Let's look more closely at how strategies for the one-off game are arrived at. In the case of the balanced bag we have an probability estimate of 50%, and a maximum confidence in that estimate - given that token colour is a random variable we can't do better. The balanced probability is considered to be unconditional. In the case of the bag of mystery we have an initial probability estimate of 50% but no confidence at all in it - it's really a representation of our own ignorance, what Bayesians would call a 'prior'.

A mathematical formalism that addresses this notion of confidence is called Dempster-Shafer theory, a generalisation of Bayesian statistics. Take the set ω of outcomes. In the case above ω = {black, white}. We are interested in the 'power set' or set-of-all-subsets of ω. We write this as 2ω = {ø, {black}, {white}, ω}. Now let's define a function called the mass m, which will be a little bit like probability in that it adds up to 1, but it's defined not on ω but on 2ω. We'll define m(ø) = 0 and then we can ignore the empty set completely.

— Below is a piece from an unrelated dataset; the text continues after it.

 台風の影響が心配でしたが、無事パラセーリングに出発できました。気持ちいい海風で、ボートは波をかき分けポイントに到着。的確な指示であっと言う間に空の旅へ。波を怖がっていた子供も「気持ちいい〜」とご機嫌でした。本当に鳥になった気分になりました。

The mass of a set s is m(s) and represents the 'weight of evidence' that the outcome is in that set, but not evidence for a particular member of that set. At the beginning of our game:

m Balanced Mystery
ω 0 1
{white} ½ 0
{black} ½ 0

As the game progresses, we will receive evidence for the mystery bag's internal state (the particular outcomes of each draw) - and gradually we will see m(ω) going down, and m({black}) and m({white}) rising. While we will never have the rock-solid certainty of the balanced bag system, we could conceivably find that one or other of the outcomes is in the lead and adapt our strategy accordingly.

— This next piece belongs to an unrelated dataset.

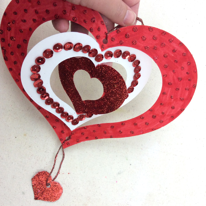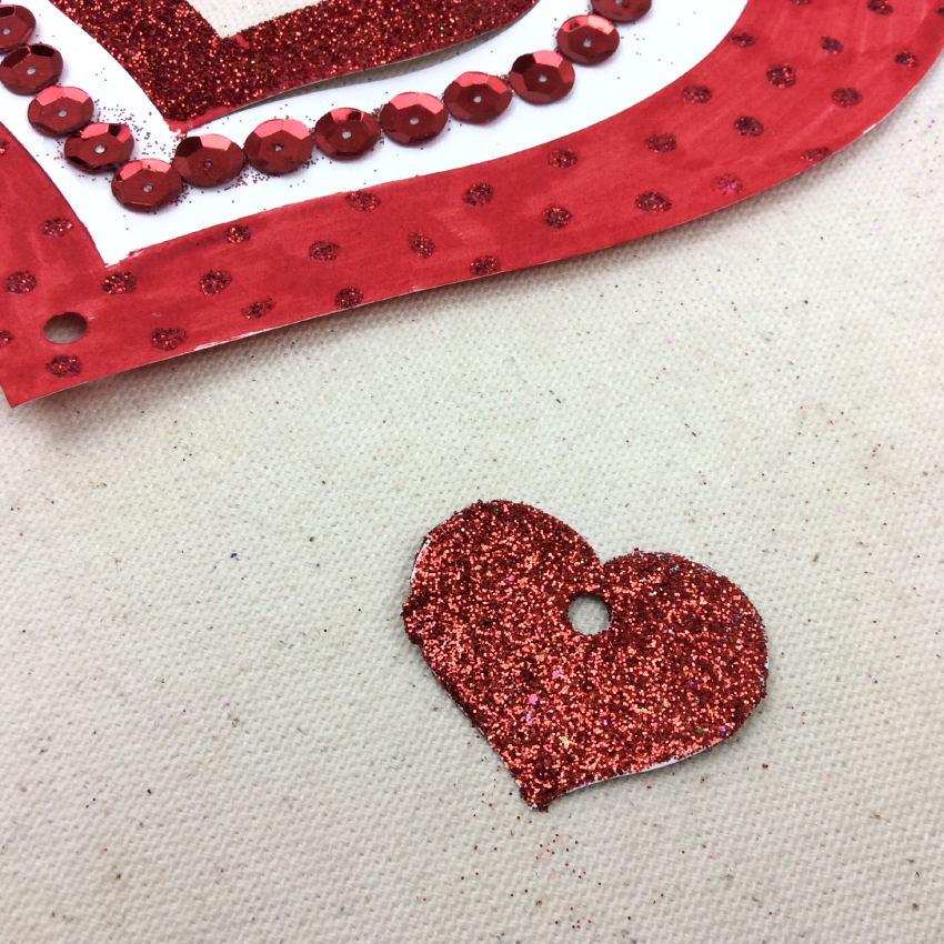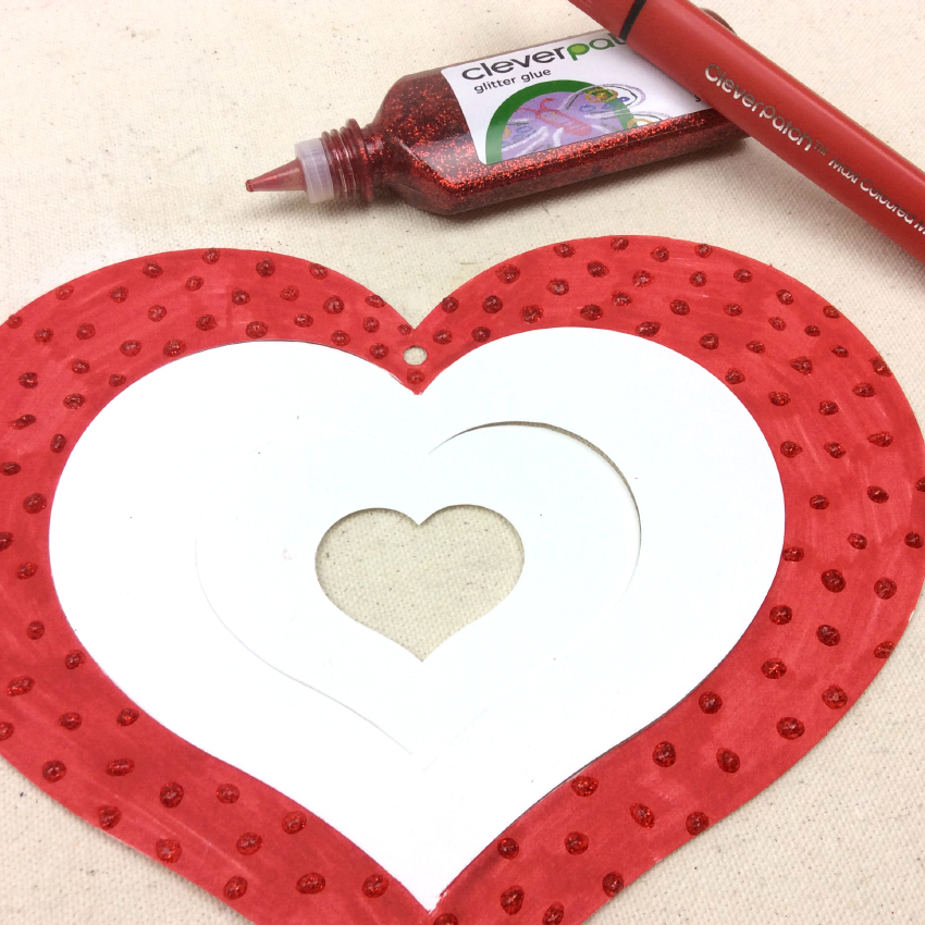 • Step 1Pop out the 3D heart including the full heart at the centre. Colour the outside heart in red marker, then use glitter glue to add a simple polka dot pattern. Allow to dry and then repeat the process on the other side.

For decision making purposes, we usually don't want to work with the masses themselves, but with an interval of probabilities. The Support S(p) where p ⊆ ω is defined as the sum of m(x) where x ∈ 2p. The Plausibility of p is the extent to which evidence against p leaves room for the possibility that the event is in p and is given by Pl(p) = 1 - S(¬ p). Also note that S(p) ≤ Pl(p).

To look at our table again:

Balanced Mystery
m S Pl m S Pl
ω 0 0 0 1 1 1
{white} ½ ½ ½ 0 0 1
{black} ½ ½ ½ 0 0 1

This sort of reasoning has lead some people assert the nonexistence (or sometimes non-utility) of probability altogether (whatever that turns out to mean). Judea Pearl, an AI dude from UCLA, has argued that the support is actually a probability of provability, where provability is contrasted with truth. Judea Pearl is also the originator of much of the science of belief propagation (by 'belief' he means 'support') and causality research (I've become very interested in this recently).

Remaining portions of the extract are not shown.